By Nailea Ayala |Staff Writer|
“We are a generation of idiots. Smart phones and dumb people,” said Gary Turk in his YouTube video Look Up.
Turk goes further to say that we have become slaves to technology.
It won’t be difficult to go out in public and find a person walking and looking down at their phones, or sitting at home watching a computer screen for hours of the day.
Places like concerts, dinner tables, and school libraries all seem to be popular places for people to be on these devices.
But are they so necessary that we forget what it is like to interact with others?
It seems that people now find it more important to record a concert to later show friends on social networks such as Instagram or Facebook.
Isn’t the reason for buying a concert ticket to enjoy the live music?

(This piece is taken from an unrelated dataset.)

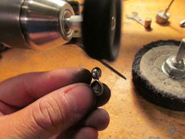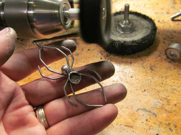 Soldado un anillo del salto en la parte superior. Luego había pulido la araña con papel de grano arena 800 y una rueda que pulimenta. La piedra fue fijada con masilla epoxi.
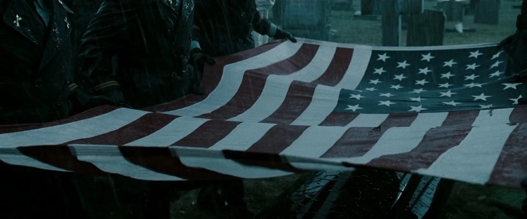 Waist-level shot on Superman’s black coffin in Washington as the officers lift the US flag over it, stretching it out between them. This display is performed often for military funerals and was also seen in Zack Snyder’s Watchmen (2009) during the Comedian’s funeral, possibly making it a reference.

Recording the concert still forces you to view the concert through a screen and miss valuable interactions with others.
A lot of people are guilty of saying the famous phrase, “Let’s get together soon, we need to catch up.”
Dinners seem to have become opportunities for people to virtually share the plate they have ordered or a picture in the fancy restaurant, and the time spent with the person in front of you ceases to be the main focus.
Can we really count the hundreds of friends online as real friends, if we don’t ever interact with them in person?
These gadgets and social networks let us see what others lives are like and encourage us to also share our personal life.
We spend endless hours behind a screen and we isolate ourselves to the point where face-to-face interaction becomes something extraordinary.
“I think people have become rude now that everyone has smart phones. I don’t know when people started to think that looking down at a phone while someone else is talking is something normal. I find it extremely rude,” said student Esmeralda Sahagun.
“The time you don’t have to tell hundreds of what you’ve done because you want to share this moment with just this one,” adds Turk in his YouTube video.
Phones, tablets and laptops give us a sense of being connected because of all the “friends” we think we have through social networks, however, news feeds don’t always share someone’s entire life, especially what truly matters.
We should be able to share special moments with others without having to immediately show hundreds of strangers, eat without taking pictures of our food, and look at the people who speak to us.